Repeat exactly the lines of the material below that run from the "21-я часть серии" line to the "最后可以加入香菜或黄瓜丝,添" line, including both, and do not carry over any pictures.

Provided data |
------------

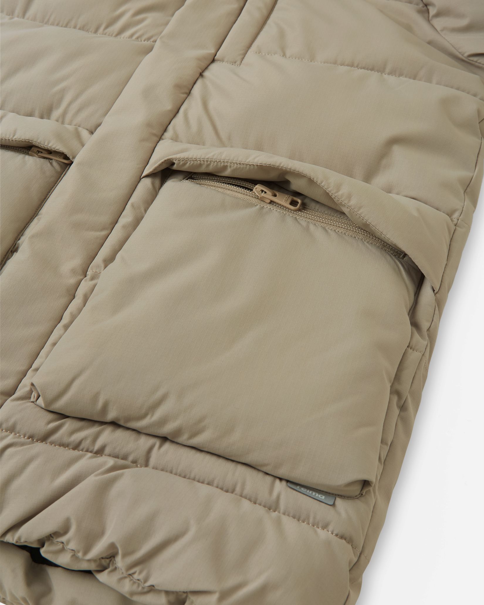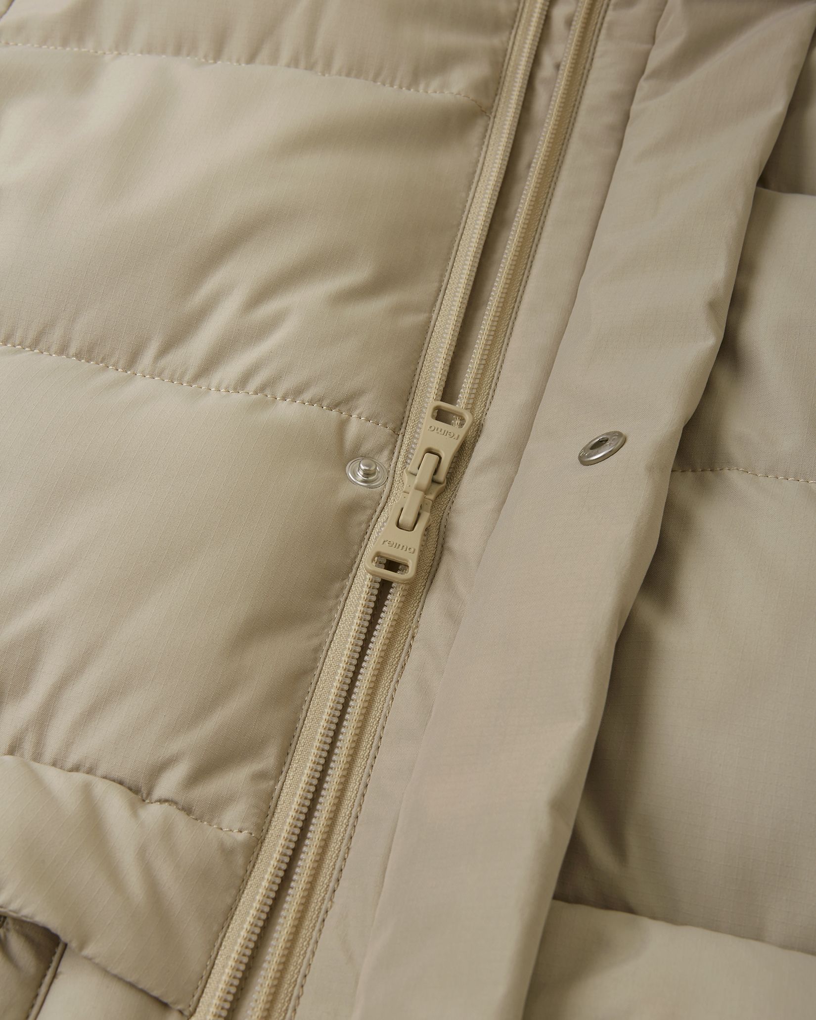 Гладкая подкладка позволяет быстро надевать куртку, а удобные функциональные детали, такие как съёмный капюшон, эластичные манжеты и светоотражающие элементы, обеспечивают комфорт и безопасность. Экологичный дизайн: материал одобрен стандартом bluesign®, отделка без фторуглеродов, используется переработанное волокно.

------------

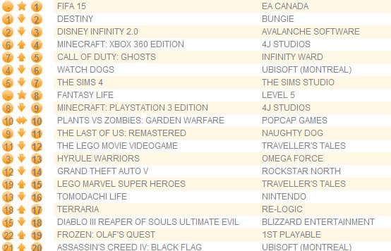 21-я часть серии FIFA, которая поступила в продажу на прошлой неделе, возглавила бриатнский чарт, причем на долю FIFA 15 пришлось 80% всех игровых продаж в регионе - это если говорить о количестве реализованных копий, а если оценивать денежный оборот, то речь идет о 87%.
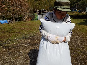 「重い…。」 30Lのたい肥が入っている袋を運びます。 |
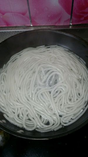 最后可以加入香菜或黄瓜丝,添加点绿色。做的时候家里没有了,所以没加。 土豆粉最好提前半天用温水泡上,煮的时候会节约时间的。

------------

Output of the exercise |
 21-я часть серии FIFA, которая поступила в продажу на прошлой неделе, возглавила бриатнский чарт, причем на долю FIFA 15 пришлось 80% всех игровых продаж в регионе - это если говорить о количестве реализованных копий, а если оценивать денежный оборот, то речь идет о 87%.
 「重い…。」 30Lのたい肥が入っている袋を運びます。 |
 最后可以加入香菜或黄瓜丝,添加点绿色。做的时候家里没有了,所以没加。 土豆粉最好提前半天用温水泡上,煮的时候会节约时间的。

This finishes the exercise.